From the outside, it appears that the black box (the sealed room) "knows Chinese" because it's translating English to Chinese. But the person--or AI agent--doesn't actually "know Chinese", or understand any of what's been translated. It has no awareness of languages, meanings or knowledge.

This describes AI agents in a nutshell.

4. AI agents will claim their response is accurate when it is obviously lacking, they will lie to cover their failure, and then lie about lying. If pressed, they will apologize and then lie again. Read this account to the end: Diabolus Ex Machina.

In summary: AI fails at tasks where accuracy must be absolute to create value. lacking this, it's not just worthless, it's counter-productive and even harmful, creating liabilities far more consequential than the initial errors.

"But they're getting better." No, they're not--not in what matters. AI agents are probabilistic text / content prediction machines; they're trained parrots in the Chinese Room. They don't actually "know" anything or "understand" anything, and adding another gazillion pages to their "training" won't change this.

The Responsible Lie: How AI Sells Conviction Without Truth:

"The widespread excitement around generative AI, particularly large language models (LLMs) like ChatGPT, Gemini, Grok, and DeepSeek, is built on a fundamental misunderstanding. While these systems impress users with articulate responses and seemingly reasoned arguments, the truth is that what appears to be 'reasoning' is nothing more than a sophisticated form of mimicry.

These models aren't searching for truth through facts and logical arguments--they're predicting text based on patterns in the vast datasets they're 'trained' on. That's not intelligence--and it isn't reasoning. And if their 'training' data is itself biased, then we've got real problems.

I'm sure it will surprise eager AI users to learn that the architecture at the core of LLMs is fuzzy--and incompatible with structured logic or causality. The thinking isn't real, it's simulated, and is not even sequential. What people mistake for understanding is actually statistical association."

AI Has a Critical Flaw -- And it's Unfixable

"AI isn't intelligent in the way we think it is. It's a probability machine. It doesn't think. It predicts. It doesn't reason. It associates patterns. It doesn't create. It remixes. Large Language Models (LLMs) don't understand meaning -- they predict the next word in a sentence based on training data."

Let's return now to the larger context of AI replacing human workers en masse. This post by Michael Spencer of AI Supremacy and Jing Hu of 2nd Order Thinkers offers a highly informed and highly skeptical critique of the hype that AI will unleash a tsunami of layoffs that will soon reach the tens of millions. Will AI Agents really Automate Jobs at Scale?

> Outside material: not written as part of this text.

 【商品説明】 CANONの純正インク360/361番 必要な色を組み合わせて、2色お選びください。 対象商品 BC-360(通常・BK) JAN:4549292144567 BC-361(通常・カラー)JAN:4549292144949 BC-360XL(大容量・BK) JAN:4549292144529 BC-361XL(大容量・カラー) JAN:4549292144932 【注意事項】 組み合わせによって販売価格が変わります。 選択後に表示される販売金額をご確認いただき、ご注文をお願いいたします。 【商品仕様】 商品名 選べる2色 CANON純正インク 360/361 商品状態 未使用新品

Jing Hu explains the fundamental weaknesses in all these agents: it's well worth reading her explanations and real-world examples in the link above. Here is an excerpt:

"Today's agents have minimal true agency.

Their 'initiative' is largely an illusion; behind the scenes, they follow (or are trying to) tightly choreographed steps that a developer or prompt writer set up.

If you ask an agent to do Task X, it will do X, then stop. Ask for Y, and it does Y. But if halfway through X something unexpected happens, say a form has a new field, or an API call returns an error, the agent breaks down.

Because it has zero understanding of the task.

Change the environment slightly (e.g., update an interface or move a button), and the poor thing can't adapt on the fly.

AI agents today lack a genuine concept of overarching goals or the common-sense context that humans use.

They're essentially text prediction engines."

I've shared my own abysmal experiences with "customer service" AI bots:

Digital Service Dumpster Fires and Shadow Work

Here's my exploration of the kinds of experiential real-world skills AI won't master with total capital and operational costs that are lower than the cost of human labor: oops, that hallucination just sawed through a 220V electrical line that wasn't visible but the human knew was there.